Exception in thread "streaming-job-executor-0" java.lang.IncompatibleClassChangeError: Implementing class 
at java.lang.ClassLoader.defineClass1(Native Method) 
at java.lang.ClassLoader.defineClass(ClassLoader.java:763) 
at java.security.SecureClassLoader.defineClass(SecureClassLoader.java:142) 
at java.net.URLClassLoader.defineClass(URLClassLoader.java:467) 
at java.net.URLClassLoader.access$100(URLClassLoader.java:73) 
at java.net.URLClassLoader$1.run(URLClassLoader.java:368) 
at java.net.URLClassLoader$1.run(URLClassLoader.java:362) 
at java.security.AccessController.doPrivileged(Native Method) 
at java.net.URLClassLoader.findClass(URLClassLoader.java:361) 
at java.lang.ClassLoader.loadClass(ClassLoader.java:424) 
at sun.misc.Launcher$AppClassLoader.loadClass(Launcher.java:335) 
at java.lang.ClassLoader.loadClass(ClassLoader.java:357) 
at org.apache.spark.rdd.PairRDDFunctions$$anonfun$saveAsHadoopDataset$1.apply$mcV$sp(PairRDDFunctions.scala:1194) 
at org.apache.spark.rdd.PairRDDFunctions$$anonfun$saveAsHadoopDataset$1.apply(PairRDDFunctions.scala:1168) 
at org.apache.spark.rdd.PairRDDFunctions$$anonfun$saveAsHadoopDataset$1.apply(PairRDDFunctions.scala:1168) 

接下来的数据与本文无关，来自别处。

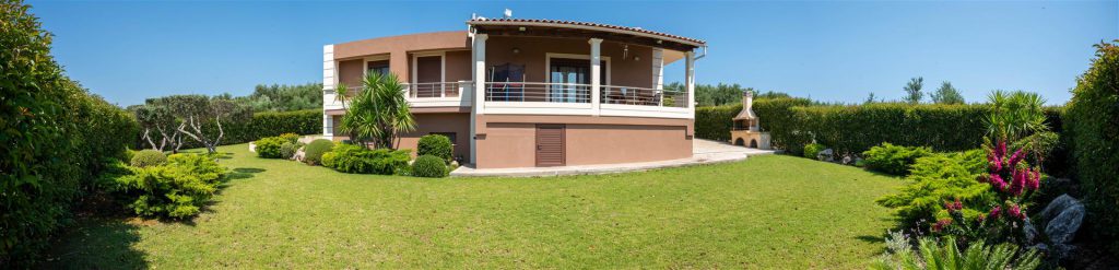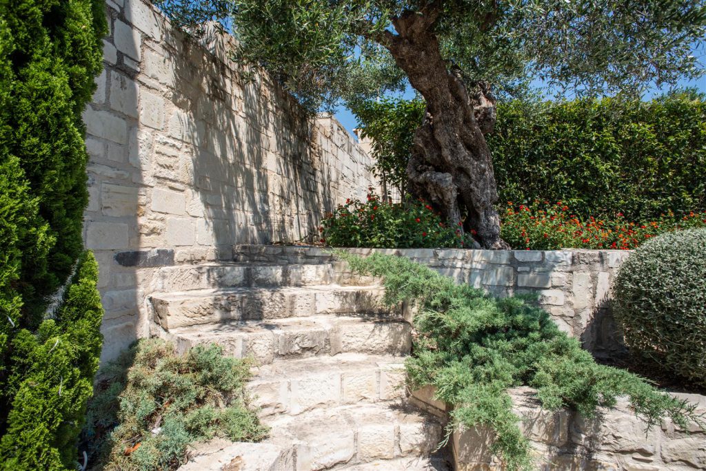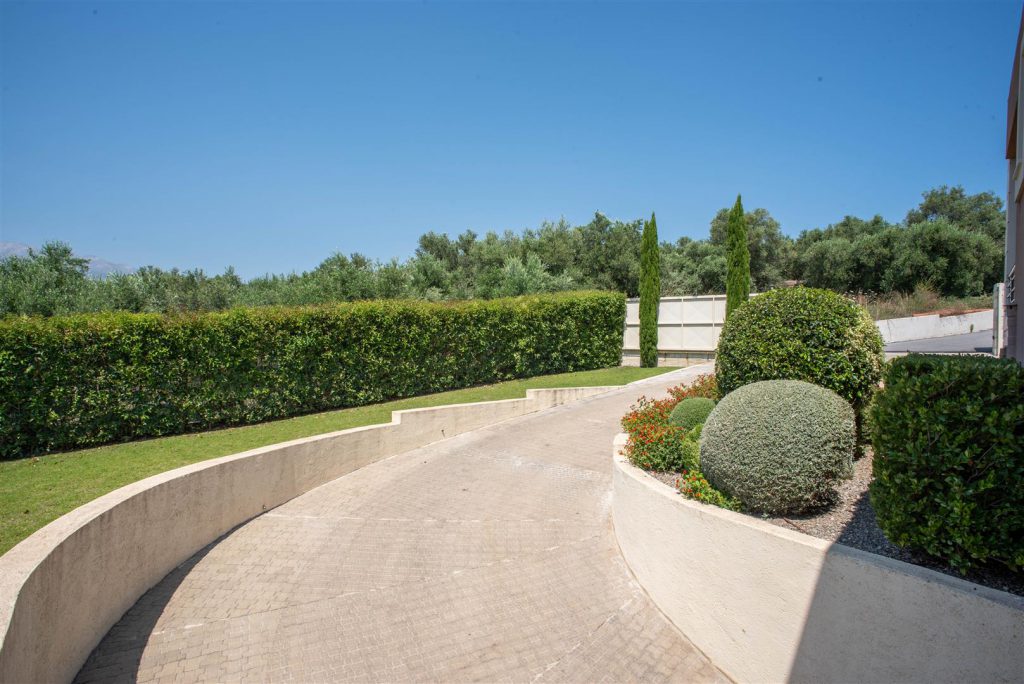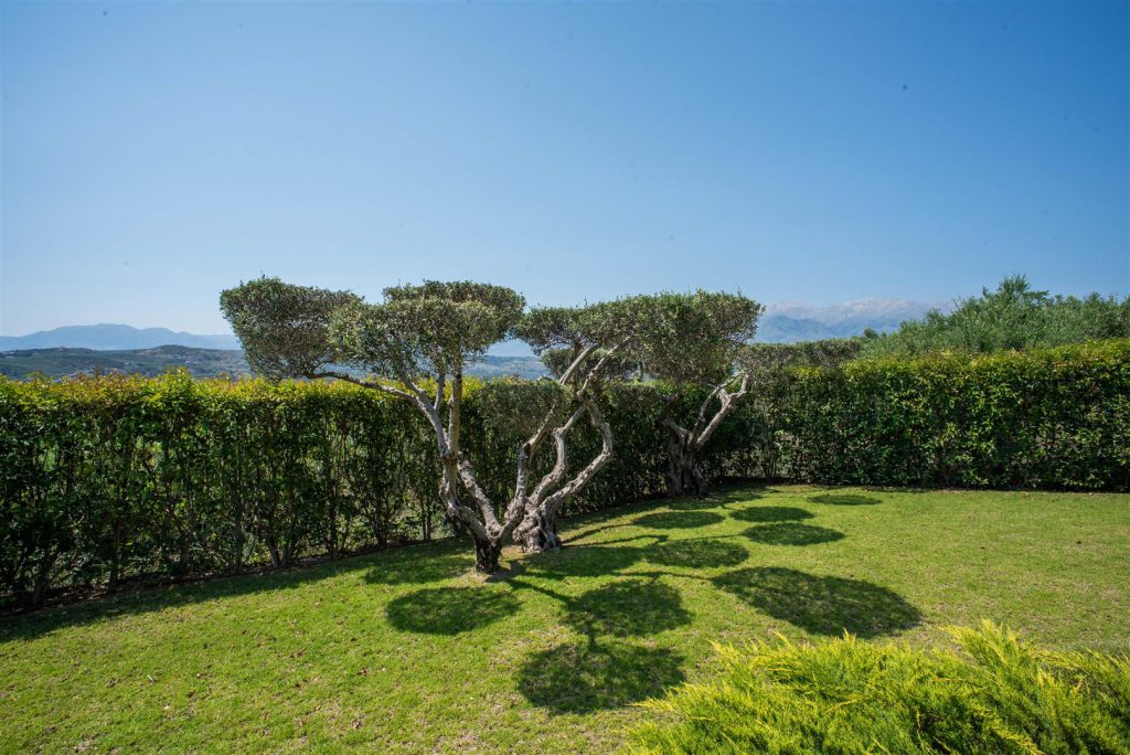 Το τμήμα του οικοπέδου στο οποίο είναι χτισμένο το σπίτι είναι πλήρως διαμορφωμένο με γκαζόν που περιβάλλει το σπίτι και είναι φυτεμένο με μερικά δέντρα, θάμνους και θάμνους. Το άλλο τμήμα του οικοπέδου διατηρείται ως έχει, φυτεμένο με ελιές και μερικά οπωροφόρα δέντρα.

at org.apache.spark.rdd.RDDOperationScope$.withScope(RDDOperationScope.scala:151) 
at org.apache.spark.rdd.RDDOperationScope$.withScope(RDDOperationScope.scala:112) 
at org.apache.spark.rdd.RDD.withScope(RDD.scala:362) 
at org.apache.spark.rdd.PairRDDFunctions.saveAsHadoopDataset(PairRDDFunctions.scala:1168) 
at org.apache.spark.rdd.PairRDDFunctions$$anonfun$saveAsHadoopFile$4.apply$mcV$sp(PairRDDFunctions.scala:1071) 
at org.apache.spark.rdd.PairRDDFunctions$$anonfun$saveAsHadoopFile$4.apply(PairRDDFunctions.scala:1037) 
at org.apache.spark.rdd.PairRDDFunctions$$anonfun$saveAsHadoopFile$4.apply(PairRDDFunctions.scala:1037) 
at org.apache.spark.rdd.RDDOperationScope$.withScope(RDDOperationScope.scala:151) 
at org.apache.spark.rdd.RDDOperationScope$.withScope(RDDOperationScope.scala:112) 
at org.apache.spark.rdd.RDD.withScope(RDD.scala:362) 
at org.apache.spark.rdd.PairRDDFunctions.saveAsHadoopFile(PairRDDFunctions.scala:1037) 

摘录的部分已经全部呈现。